Lineup for 2015 Arkansas Literary Festival announced

alf maurice               Prestigious award-winners, big names, GRAMMY nominees, filmmakers, journalists, and artists are among the diverse roster of presenters who will be providing sessions at the twelfth annual Arkansas Literary Festival, April 23-26, 2015. The Central Arkansas Library System’s Main Library campus and many other Little Rock venues are the sites for a stimulating mix of sessions, panels, special events, performances, workshops,presentations, opportunities to meet authors, book sales, and book signings. Most events are free and open to the public.

The Arkansas Literary Festival, the premier gathering of readers and writers in Arkansas, will include more than 80 presenters including featured authors John Waters, Rebecca Wells, Charles D. Morgan, Andrew Keen, Cheryl & Griff Day, Issa Rae, Ted Rall, Rick Bragg, Megan Abbott, Seph Lawless, Wesley K. Clark, and Bryan Collier.

This year’s Festival authors have won an impressive number and variety of distinguished awards, including the Pulitzer Prize, Presidential Medal of Freedom, Purple Heart, GLAAD Stephen F. Kolzak Award, Hugo Award, Coretta Scott King Award, Caldecott Honor, American Society of Newspaper Editor’s Distinguished Writing Award, Hammett Prize, Rosenthal Family Foundation Award, Bram Stoker Award, Whiting Writers Award, Plimpton Prize, Shorty Award for best web show, Beatrice Hawley award, New York Times Editor’s Selection, Poets Prize, Romantic Times Legend of Romance, Porter Prize, a James Beard Award nominee, the U.S. nominee for the Hans Christen Andersen Award, and more.

Special events for adults during the Festival include a cocktail reception with the authors, a session with John Waters, special art exhibits, and a workshop on developing a personal style. Panels and sessions include genres and topics such as scientific thinking, Jerry Lee Lewis, the web series The Misadventures of Awkward Black Girl, comic art, romance, war, and baking.

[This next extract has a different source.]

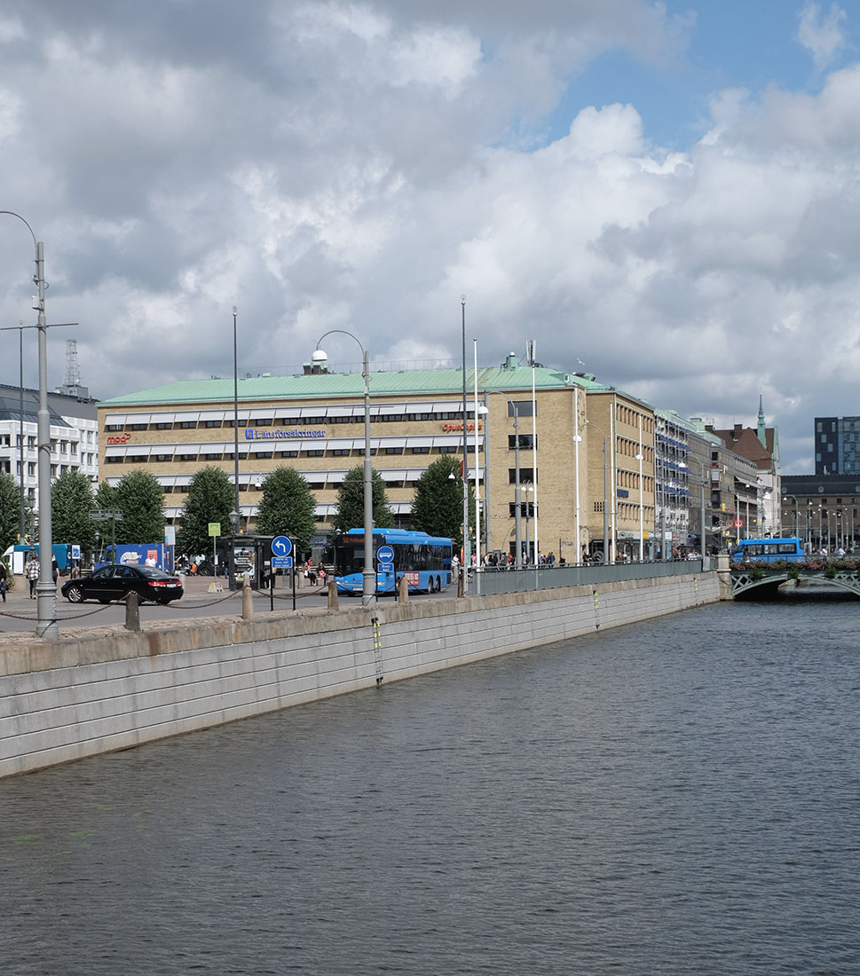 Built in 1937, Thulehuset in Gothenburg is a commercial building designed by Nils Einar Eriksson for the Lifförsäkrings AB Thule. The five-storey building is located on the corner of Norra Hamngatan 18 and Östra Hamngatan 30-34 in the district of Nordstaden. With this strictly functionalist building, the old "Wilson Palace" was created. An initial construction phase of the building was ready for occupation on October 1, 1936. Even in the autumn of the same year, the second construction phase in the direction of Köpmansgatan began. A characteristic feature of the Thulehuset is the big clock in the building corner. Above the main entrance is a sandstone relief by Ivar Johnsson. In 1946, the copper roof was created, and an apartment in the attic furnished. This apartment was later rebuilt into office space. In the 1950s, various minor adjustments were made to the shopping arcade on the ground floor. Das 1937 erbaute Thulehuset in Göteborg ist ein von Nils Einar Eriksson entworfenes Geschäftsgebäude für die Lifförsäkrings AB Thule. Das fünfstockige Bauwerk befindet sich an der Ecke von Norra Hamngatan 18 und Östra Hamngatan 30-34 im Stadtteil Nordstaden. Mit diesem streng funktionalistischen Gebäude wurde der alte "Wilson Palace" erstellt. Eine erste Bauetappe des Gebäudes war bereits am 1. Oktober 1936 bezugsbereit. Noch im Hebst des selben Jahres wurde mit der zweiten Bauetappe in Richtung Köpmansgatan begonnen. Ein charakteristisches Merkmal des Thulehuset ist die grosse Uhr in der Gebäudeecke. Über dem Haupteingang befindet sich ein Sandsteinrelief von Ivar Johnsson. Im Jahr 1946 wurde das Kupferdach erstellt, und eine Wohnung im Dachgeschoss eingerichtet. Diese Wohnung wurde später wiederum in Büroräume umgebaut. In den 1950er Jahren wurden verschiedene kleinere Anüassungen an der Ladenpassage im Erdgeschoss vorgenommen. |

Children’s special events include a Tiny Ninja workshop, and a play based on Chicken Little and the Little Red Hen. Festival sessions for children will take place at both the Hillary Rodham Clinton Children’s Library and Learning Center, 4800 10th Street, and the Youth Services Department at the Main Library, 100 Rock Street. Special events for teens include a session with E. Lockhart, whose book, We Were Liars, was the best reviewed book for young adults in 2014..

Through the Writers In The Schools (WITS) initiative, the Festival will provide presentations by several authors for Pulaski county elementary, middle, and senior high schools and area colleges.

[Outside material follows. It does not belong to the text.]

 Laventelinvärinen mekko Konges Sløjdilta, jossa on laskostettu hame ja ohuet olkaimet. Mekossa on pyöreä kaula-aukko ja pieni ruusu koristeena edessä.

Support for the Literary Festival is provided by sponsors including Central Arkansas Library System, Friends of Central Arkansas Libraries (FOCAL), Arkansas Humanities Council, Fred K. Darragh Jr. Foundation, Mosaic Templars Cultural Center, ProSmart Printing, Little Rock Family, KUAR FM 89.1, Arkansas Democrat Gazette, Sync, Arkansas Life, William Jefferson Clinton Foundation, MacArthur Museum of Arkansas Military History, Windstream, Arkansas Federal Credit Union, Arkansas Times, Wright, Lindsey & Jennings LLP, Hampton Inn Downtown/McKibbon Hotel Group, Capital Hotel, Historic Arkansas Museum , TransAmerica, Witt Stephens Jr. Central Arkansas Nature Center, Arkansas Library Association, Pulaski Technical College, Union Pacific, Sequoyah National Research Center, Gibbs Elementary School, Rockefeller Elementary School, Hendrix College, Hendrix College Project Pericles Program, Arkansas Women’s Forum, Philander Smith College, University of Arkansas Clinton School of Public Service, East Harding, University of Arkansas at Little Rock English Department, University of Arkansas at Little Rock Department of Rhetoric and Writing, Pyramid Art, Books & Custom Framing/Hearne Fine Art, Stickyz Rock ‘n’ Roll Chicken Shack, Literacy Action of Central Arkansas, Christ Episcopal Church, and Lamar Advertising. The Arkansas Literary Festival is supported in part by funds from the Arkansas Humanities Council and the National Endowment for the Humanities.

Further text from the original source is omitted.